[Date Prev][Date Next][Thread Prev][Thread Next][Date Index][Thread Index]

Re: reduce conflict on TKAs



Hi.

I just want to give a few tricks I've developed to resolve LALR(1)
conflicts.

----------
TRICK[1] The first trick is to try to get some high level insight on the
relation between the parser and the grammar.

The idea is that an LR parser can only proceed when everything on the
left is unambiguously determined by looking at the next token.

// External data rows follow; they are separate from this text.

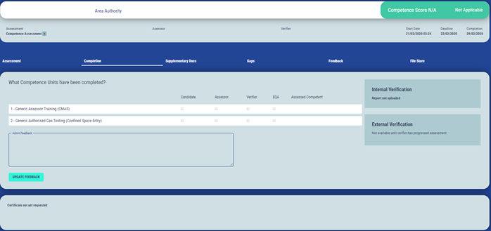 Here you can see what competencies have been completed and if they have been assessed, verified and signed off.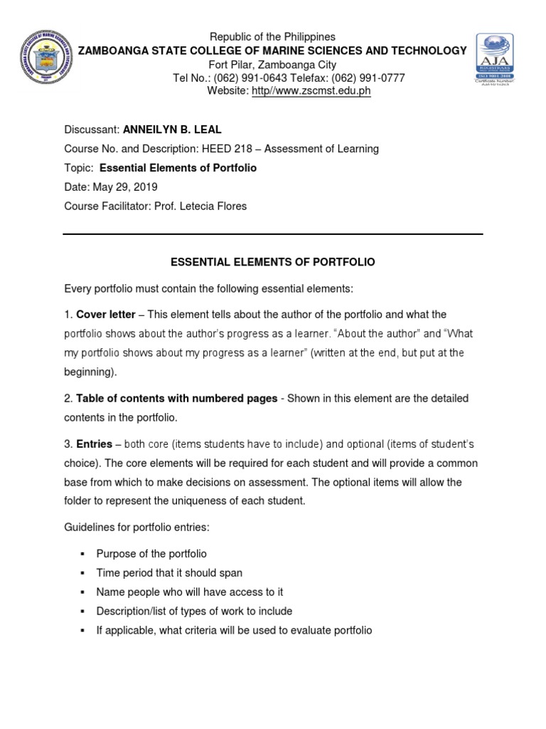 Assessment Essential Elements Of Portfolio Docx Learning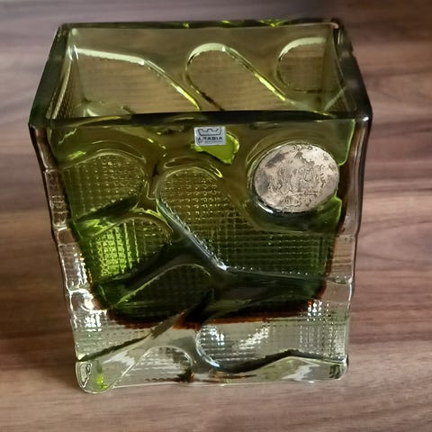 Korkea kirkas lasimaljakko. Korkeus 24 cm, halkaisija 12, 5 cm. Painava. Hinta 15 euroa.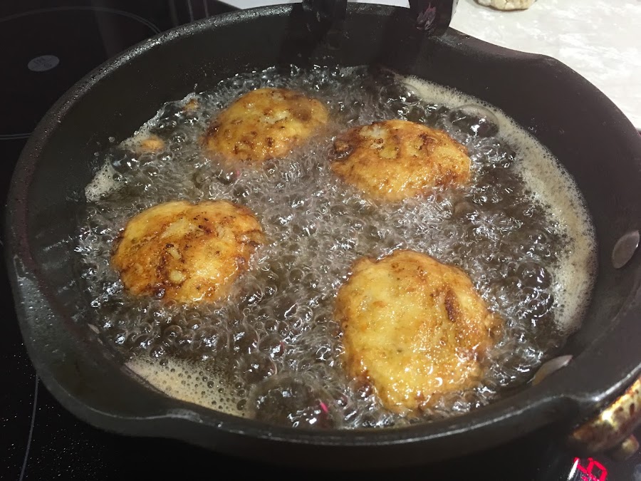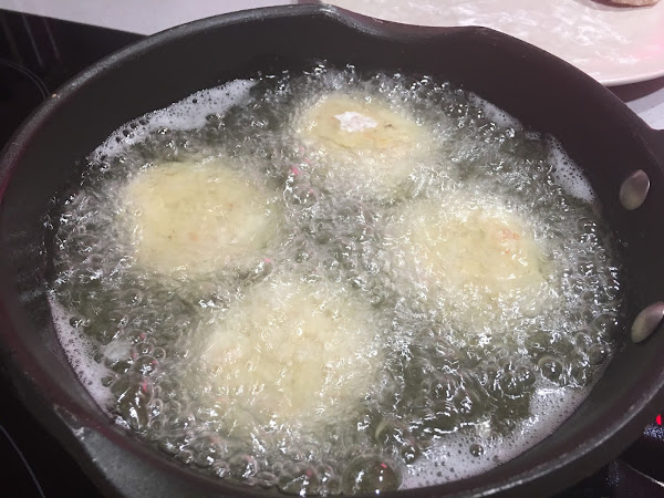 6. Calienta el aceite vegetal en una sartén amplia y fríe las tontitas de pescado por tandas, 2-3 minutos por cada lado hasta que tomen un color dorado.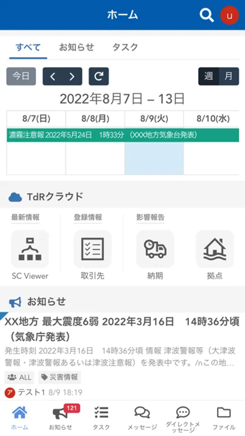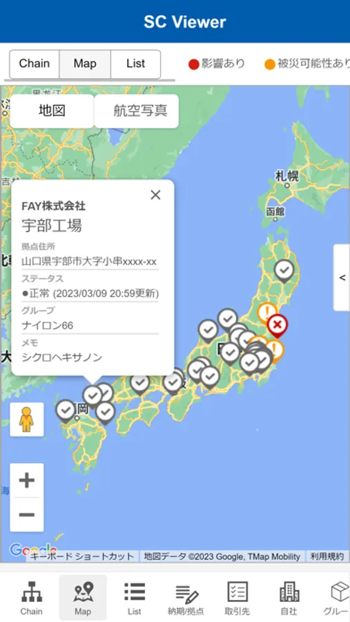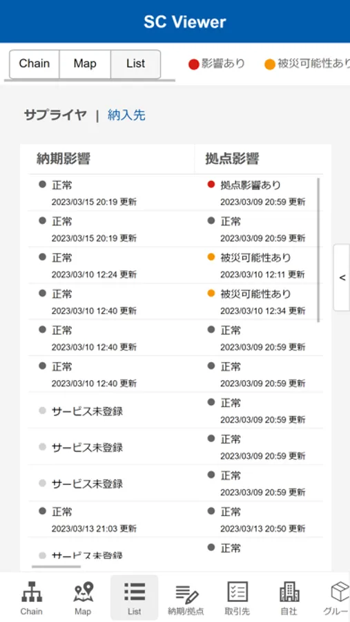 ・本サービスに登録した取引先(納入先、サプライヤ)に自然災害などのBCPに関わる事象が発生した場合にお知らせします。対象企業にコミュニケーションして、被災状況や納期に関わる影響など確認・集約することができます。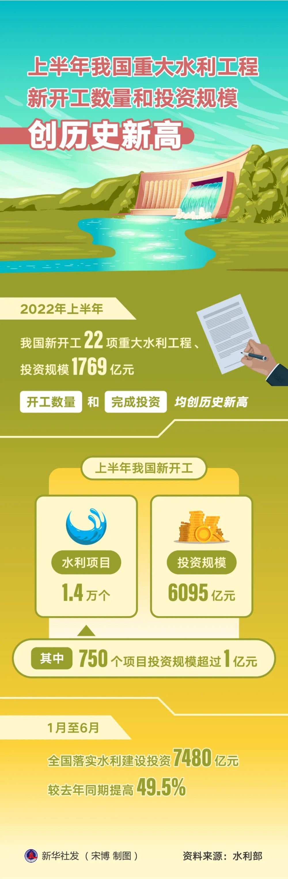 水利部消息,今年上半年,我国新开工22项重大水利工程、投资规模1769亿元,开工数量和完成投资均创历史新高。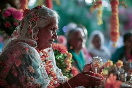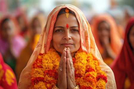 Portrait of a woman praying with a garland of flowers during a religious ceremony in India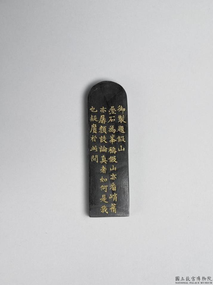 碑碣形墨。一面填金隶书「狮子林墨」,另一面刻填金御制诗「御制题假山。迭石为峯称假山,亦看峭蒨亦孱颜,设论真者如何是,我也疑赝于此间。」侧有阳文墨款「乾隆辛丑年制」(四十六年,1781)。此乃乾隆题文园狮子林十六景咏景诗,二套共三十二件,储于「螺剂含辉」雕花木盒。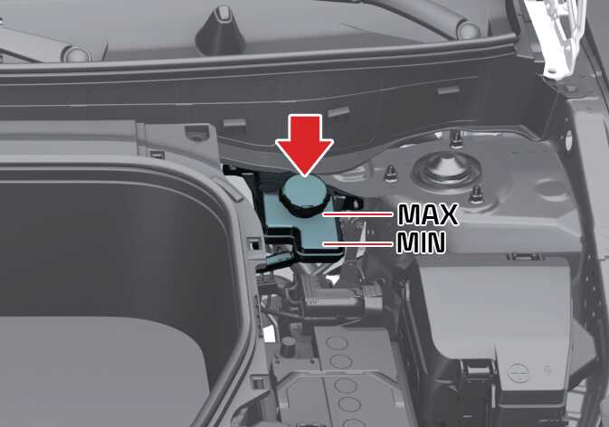 브레이크액 탱크의 액량이 최대선(MAX)보다 초과되었다면 운전 도중 브레이크액이 흘러 넘쳐서 주변 부품의 손상을 가져올 수 있으므로 브레이크액 보충 시 브레이크액량이 최대선(MAX)을 초과하지 않게 주의하십시오.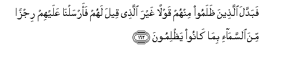 162. Fabaddala allatheena thalamoo minhum qawlan ghayra allathee qeela lahum faarsalna AAalayhim rijzan mina alssama-i bima kanoo yathlimoona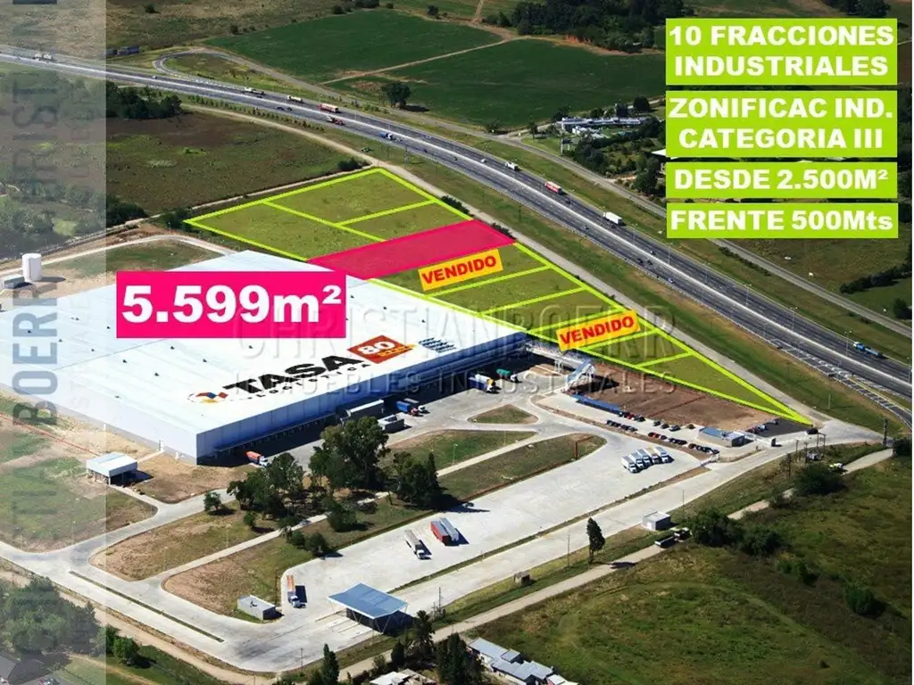 Esta fracción en particular tiene 5.594m², el asfalto llega al vértice y tiene un frente de 42 mts sobre autopista. Se permite construir un máximo de 3.359m² en PB y 5.594m² cubiertos totales (FOS 60%, FOT 100%). Posibilidad de anexar un lote lindero de aprox 3.351m² y otro de 12.355 m²

example: the (.) indicates the position of the parser.

some_prod =
      (.) A B C |
      (.) A B D;

That's ok, because there's nothing on the left in all cases. If the next
token is A then the parser can proceed to:

some_prod =
      A (.) B C |
      A (.) B D;

That's ok again, because there's an A on the left in all cases. If the
next token is B then the parser can proceed to:

some_prod =
      A B (.) C |
      A B (.) D;

Everything is still ok, but the next token determines a specific way to
proceed:
if the next token is C:

program = U some_prod X;
some_prod =
      A B C (.) |
      A B D;
=>
 the parser can "backup" (e.g. reduce) and replace [A B C] by
[some_prod]

Obviously, the parser has read a U before the A. So now the parse
"stack" looks like:
(before) U A B C
(after)  U some_prod

So now the parser is at:
program = U some_prod (.) X;
some_prod =
      A B C |
      A B D;

Then, if it sees a X it will "shift it" :
stack: U some_prod X

program = U some_prod X (.);
some_prod =
      A B C |
      A B D;

Then it will "accept" the input as a valid program.

----------
TRICK[2] When does a conflict happen?

A conflict happens when the parser has to make a decision, but it does
not (yet) have enough information to do it.

example: (shift/reduce)

prog = 
  exp END |
  cast ID END;

exp = 
  LPAR value STAR value RPAR; // multiplication

value = 
  ID | 
  NUMBER;

cast = 
  LPAR type RPAR; // type cast

type = 
  ID STAR;  // pointer type

This example is a typical C conflict between expressions and type casts.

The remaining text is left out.